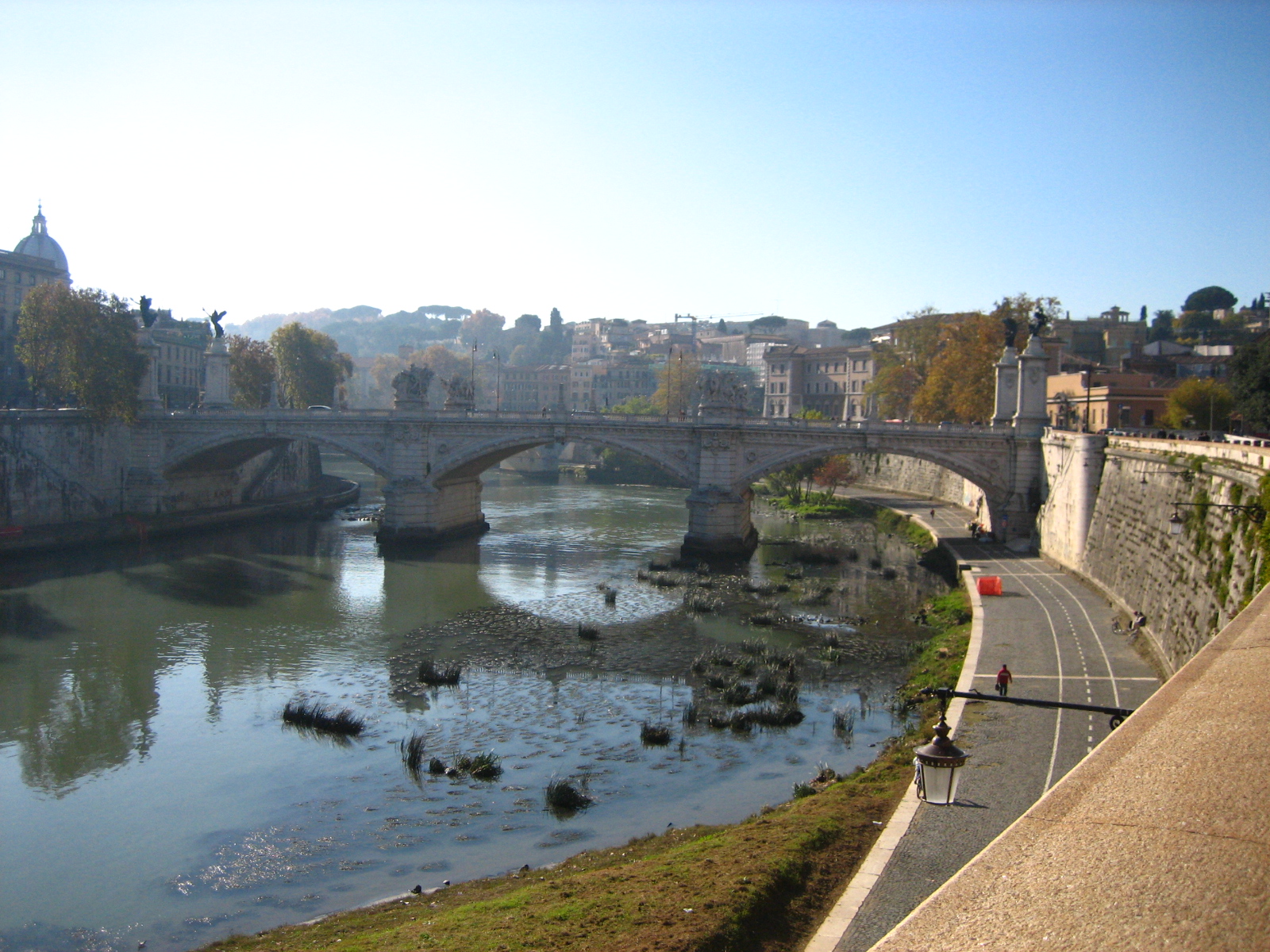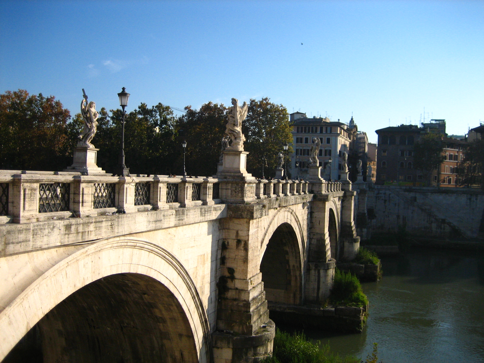 산탄젤로 다리가 있습니다. 그리고 그 다리 위에도 10개의 천사 조각이 양쪽의 교각에 세워져 있습니다.
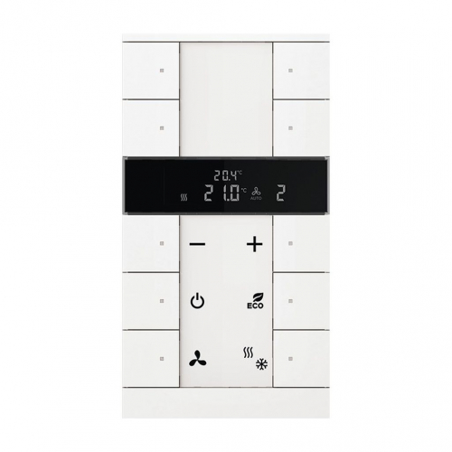 Frei konfigurierbares Multifunktionsbedienelement. Mit integriertem KNX-Busankoppler. Mit Beschriftungsfeld. Unterstützung der KNX-Funktionen durch innovatives Farbkonzept (gelb=Beleuchtung, blau=Jalousie, orange=RTR, magenta=Szene und weiß=neutral/keine Funktionszuordnung) oder Standardbeleuchtung rot/grün. Tasterfunktion: Schalten / Dimmen / Jalousie /Wert senden / Lichtszenen u.a. Master-/Slavebetrieb. Mit Grundlastbetrieb. Der Regler ist ein stetiger Raumtemperaturregler für Ventilator-Konvektoren (Fan Coil) in 2- und 4-Rohr Anlagen und konventionellen Heiz- oder Kühlanlagen Die Lüfterstufe kann manuell oder in den Automatikbetrieb geschaltet werden Klasse des Temperaturreglers: 1 Beitrag zur Raumheizungsenergieeffizienz: 1,0%. Anzahl Busteilnehmer: 1 Bei Bedarf entnehmen Sie bitte die programmierbaren Funktionen aus der aktuellen Applikationsbeschreibung die Sie von unserer Internetseite www.busch-jaeger.de herunterladen können.
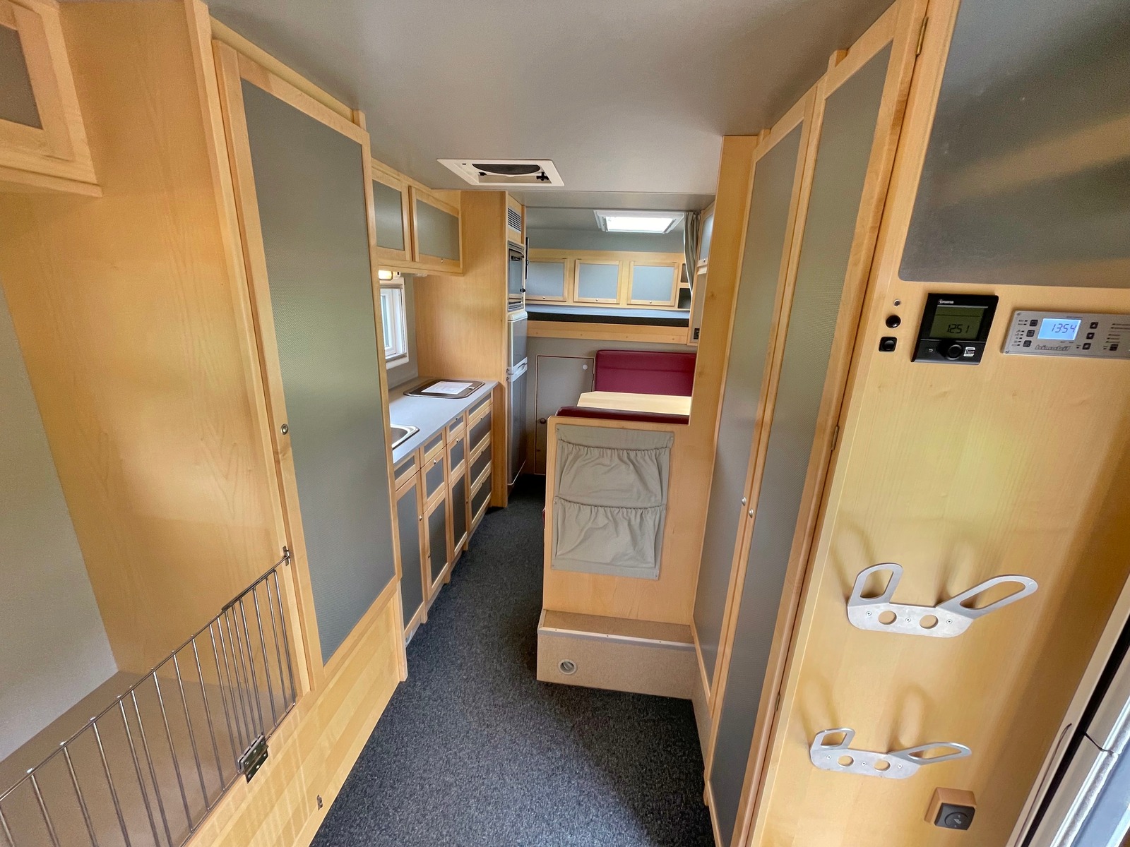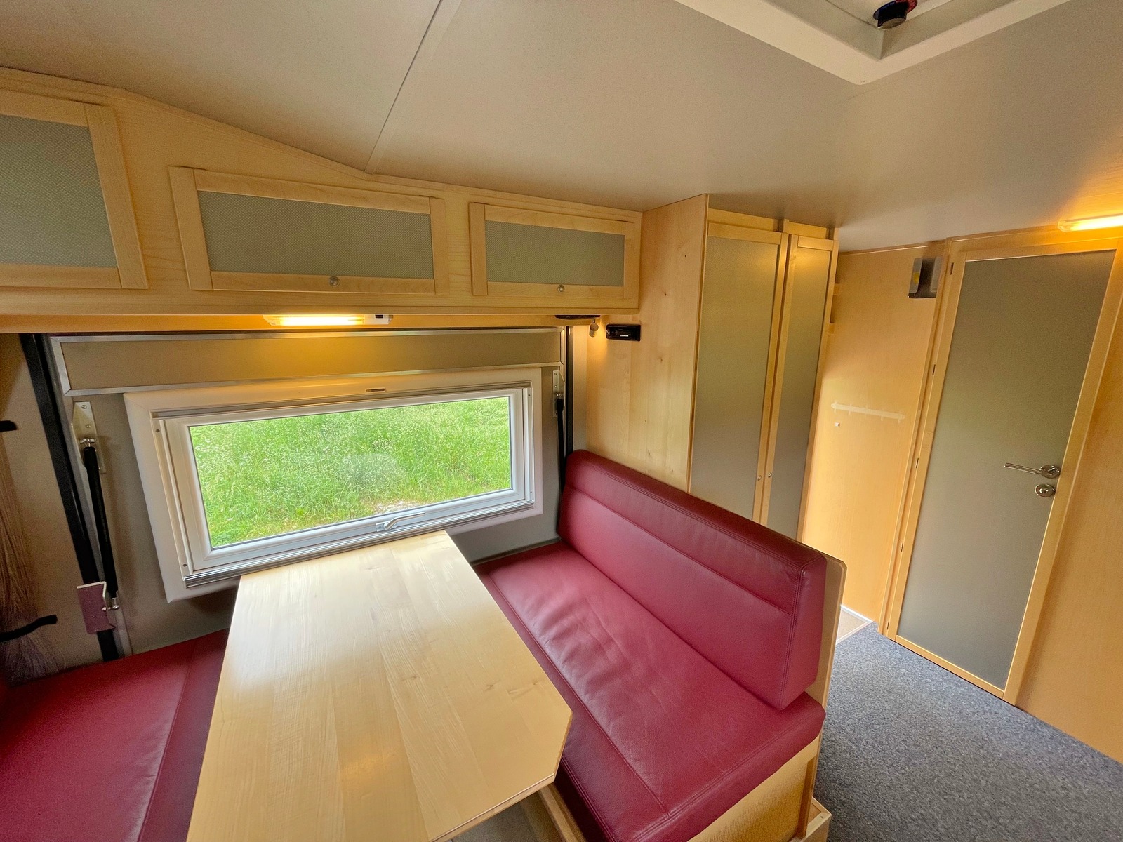 Das bimobil EX 420 basiert auf dem Iveco Daily 55S 4x4 mit einem verlängerten Chassis. Dank der Auflastung auf 6'150kg weist dieses Fahrzeug eine sehr gute Zuladung von ca. 900kg auf. Mit dem permanenten Allradantrieb mit Untersetzung und Sperren am Verteilergetriebe und Hinterachse, sowie Starrachse vorne und hinten sind dem Vortrieb kaum Grenzen gesetzt. Der Wohnraum überzeugt mit einer riesigen Küche, grosszügiger Dinette für bis zu 4 Personen und einem Querbett im Alkoven. Das Modell EX 420 verfügt serienmässig über zwei Stockbetten. Diese wurden bei diesem Fahrzeug bereits ab Werk zu Gunsten von einem grösseren Badezimmer und einem grosszügigen Platz für einen Hund oder Stauraum weggelassen. Viel Stauraum von Aussen und auch Innen sowie eine grosszügige Dusche sorgen für weiteren Komfort. Wir möchten auf folgende Gegebenheiten hinweisen: - die Fotos sind noch nicht ganz aktuell, so sind aktuell Michelin XZL Reifen montiert und die Kantenleisten um die Wohnkabine wurden frisch erneuert - Einbau von zusätzlichen Schlafplätzen oder Sitzplätzen sind nicht möglich - in diesem Fahrzeug sind Hunde mitgereist. Das Fahrzeug wurde professionell gereinigt. - Fahrzeug ist aus zweiter Hand, Auslieferung und Unterhalt stets bei Tartaruga AG - gepflegt, frisch aufgearbeitet mit wenigen Gebrauchspuren - Ablieferung erfolgt frisch ab grossem Service und frisch ab MFK - frisch ab Gasprüfung - Dieselpartikelfilter frisch getestet und in Ordnung Ausstattungsdetails Iveco 4x4: - 3.0L 4-Zylinder Turbodiesel mit 180 PS - grösserer 200L Dieseltank - Klimaanlage Automatisch (Fahrerhaus) - 4x4 Permanent, 2 Untersetzungen, Verteilergetriebesperre - Hinterachssperre - Vorderachssperre - Zusatzfederblatt Hinterachse mit Auflastung auf 6'150kg - Bluetooth-Freisprecheinrichtung - DAB Radio - zentrales Ablagefach mit USB-Ladeanschluss - Kraftstofffilter mit Wasserabscheider - Rückfahrkamera Waeco Perfect View RVS-594 - 2x LED Zusatzscheinwerfer von Lazer - Reserverad - ARB-2-Zylinder-Kompressor - Dachreling aus Aluminium - Windschutzscheibe bei Scheibenwischer beheizbar - Eco-Smart Generator (14V x 210A) - Michelin XZL Bereifung in sehr gutem Zustand - Anhängerkupplung mit 2'200kg Anhängelast Aufbau: - hochwertiger und langlebiger bimobil-Aufbau - Polsterung der Sitzgruppe Wohnraum in Leder-Ausführung - Wintertüre für Durchgang zu Fahrerhaus - Ventilatordachhaube - KCT-Hartglasfenster inklusive Rollos - KCT Dachluke - verstärkte Badtür - Aussendusche warm/kalt - Gastank 60L (ca. 24kg) - Wechselrichter 230V / 1'500W - 45A Ladebooster - Truma Combi 6 Dieselheizung inkl. Höhenset - SAT-Anlage Oyster Cytrac Premium mit TV - Gas-Backofen - Trelino Trockentrenntoilette - Solaranlage 2 x 150Wp - 210Ah Gel-Batterie - 195L Frischwassertank, innenliegend - 145L Abwassertank, innenliegend - riesiger 173L Kompressorkühlschrank - und vieles mehr Unsere Gewichtsangabe: Einige Anbieter weisen teilweise sehr optimistische Werte aus, die meist nicht der Realität entsprechen. Unser angegebenes Leergewicht von 5'250 (Wägung ausstehend) kg beinhaltet das effektiv in der CH gewogene Fahrzeug, einen vollen Dieseltank, 20L Frischwasser und 75kg für den Fahrer. So verbleibt bei diesem Fahrzeug eine sehr gute Zuladung von 900 kg. Wir berechnen keine Ablieferungspauschale. Ein Ablieferungs-Kit mit Pannendreieck, Warnwesten und eine Autoapotheke sind bei uns genauso selbstverständlich wie eine perfekte Reinigung, die ganze Immatrikulation, ein voller Dieseltank und eine detaillierte Einweisung in das neue Fahrzeug. Gerne zeigen wir Ihnen dieses spannende Fahrzeug Besichtigung des Fahrzeugs nur nach vorheriger Terminvereinbarung. Kein Verkauf ins Ausland. Irrtum & Fehler vorbehalten Tartaruga AG - Mit Sicherheit Abenteuer erleben

━━━━━━━━━━━━━━━━

-- What you have to do --
Where images occur in the data above, leave them out and repeat everything else exactly.

-- Response --
 산탄젤로 다리가 있습니다. 그리고 그 다리 위에도 10개의 천사 조각이 양쪽의 교각에 세워져 있습니다.
 Frei konfigurierbares Multifunktionsbedienelement. Mit integriertem KNX-Busankoppler. Mit Beschriftungsfeld. Unterstützung der KNX-Funktionen durch innovatives Farbkonzept (gelb=Beleuchtung, blau=Jalousie, orange=RTR, magenta=Szene und weiß=neutral/keine Funktionszuordnung) oder Standardbeleuchtung rot/grün. Tasterfunktion: Schalten / Dimmen / Jalousie /Wert senden / Lichtszenen u.a. Master-/Slavebetrieb. Mit Grundlastbetrieb. Der Regler ist ein stetiger Raumtemperaturregler für Ventilator-Konvektoren (Fan Coil) in 2- und 4-Rohr Anlagen und konventionellen Heiz- oder Kühlanlagen Die Lüfterstufe kann manuell oder in den Automatikbetrieb geschaltet werden Klasse des Temperaturreglers: 1 Beitrag zur Raumheizungsenergieeffizienz: 1,0%. Anzahl Busteilnehmer: 1 Bei Bedarf entnehmen Sie bitte die programmierbaren Funktionen aus der aktuellen Applikationsbeschreibung die Sie von unserer Internetseite www.busch-jaeger.de herunterladen können.
 Das bimobil EX 420 basiert auf dem Iveco Daily 55S 4x4 mit einem verlängerten Chassis. Dank der Auflastung auf 6'150kg weist dieses Fahrzeug eine sehr gute Zuladung von ca. 900kg auf. Mit dem permanenten Allradantrieb mit Untersetzung und Sperren am Verteilergetriebe und Hinterachse, sowie Starrachse vorne und hinten sind dem Vortrieb kaum Grenzen gesetzt. Der Wohnraum überzeugt mit einer riesigen Küche, grosszügiger Dinette für bis zu 4 Personen und einem Querbett im Alkoven. Das Modell EX 420 verfügt serienmässig über zwei Stockbetten. Diese wurden bei diesem Fahrzeug bereits ab Werk zu Gunsten von einem grösseren Badezimmer und einem grosszügigen Platz für einen Hund oder Stauraum weggelassen. Viel Stauraum von Aussen und auch Innen sowie eine grosszügige Dusche sorgen für weiteren Komfort. Wir möchten auf folgende Gegebenheiten hinweisen: - die Fotos sind noch nicht ganz aktuell, so sind aktuell Michelin XZL Reifen montiert und die Kantenleisten um die Wohnkabine wurden frisch erneuert - Einbau von zusätzlichen Schlafplätzen oder Sitzplätzen sind nicht möglich - in diesem Fahrzeug sind Hunde mitgereist. Das Fahrzeug wurde professionell gereinigt. - Fahrzeug ist aus zweiter Hand, Auslieferung und Unterhalt stets bei Tartaruga AG - gepflegt, frisch aufgearbeitet mit wenigen Gebrauchspuren - Ablieferung erfolgt frisch ab grossem Service und frisch ab MFK - frisch ab Gasprüfung - Dieselpartikelfilter frisch getestet und in Ordnung Ausstattungsdetails Iveco 4x4: - 3.0L 4-Zylinder Turbodiesel mit 180 PS - grösserer 200L Dieseltank - Klimaanlage Automatisch (Fahrerhaus) - 4x4 Permanent, 2 Untersetzungen, Verteilergetriebesperre - Hinterachssperre - Vorderachssperre - Zusatzfederblatt Hinterachse mit Auflastung auf 6'150kg - Bluetooth-Freisprecheinrichtung - DAB Radio - zentrales Ablagefach mit USB-Ladeanschluss - Kraftstofffilter mit Wasserabscheider - Rückfahrkamera Waeco Perfect View RVS-594 - 2x LED Zusatzscheinwerfer von Lazer - Reserverad - ARB-2-Zylinder-Kompressor - Dachreling aus Aluminium - Windschutzscheibe bei Scheibenwischer beheizbar - Eco-Smart Generator (14V x 210A) - Michelin XZL Bereifung in sehr gutem Zustand - Anhängerkupplung mit 2'200kg Anhängelast Aufbau: - hochwertiger und langlebiger bimobil-Aufbau - Polsterung der Sitzgruppe Wohnraum in Leder-Ausführung - Wintertüre für Durchgang zu Fahrerhaus - Ventilatordachhaube - KCT-Hartglasfenster inklusive Rollos - KCT Dachluke - verstärkte Badtür - Aussendusche warm/kalt - Gastank 60L (ca. 24kg) - Wechselrichter 230V / 1'500W - 45A Ladebooster - Truma Combi 6 Dieselheizung inkl. Höhenset - SAT-Anlage Oyster Cytrac Premium mit TV - Gas-Backofen - Trelino Trockentrenntoilette - Solaranlage 2 x 150Wp - 210Ah Gel-Batterie - 195L Frischwassertank, innenliegend - 145L Abwassertank, innenliegend - riesiger 173L Kompressorkühlschrank - und vieles mehr Unsere Gewichtsangabe: Einige Anbieter weisen teilweise sehr optimistische Werte aus, die meist nicht der Realität entsprechen. Unser angegebenes Leergewicht von 5'250 (Wägung ausstehend) kg beinhaltet das effektiv in der CH gewogene Fahrzeug, einen vollen Dieseltank, 20L Frischwasser und 75kg für den Fahrer. So verbleibt bei diesem Fahrzeug eine sehr gute Zuladung von 900 kg. Wir berechnen keine Ablieferungspauschale. Ein Ablieferungs-Kit mit Pannendreieck, Warnwesten und eine Autoapotheke sind bei uns genauso selbstverständlich wie eine perfekte Reinigung, die ganze Immatrikulation, ein voller Dieseltank und eine detaillierte Einweisung in das neue Fahrzeug. Gerne zeigen wir Ihnen dieses spannende Fahrzeug Besichtigung des Fahrzeugs nur nach vorheriger Terminvereinbarung. Kein Verkauf ins Ausland. Irrtum & Fehler vorbehalten Tartaruga AG - Mit Sicherheit Abenteuer erleben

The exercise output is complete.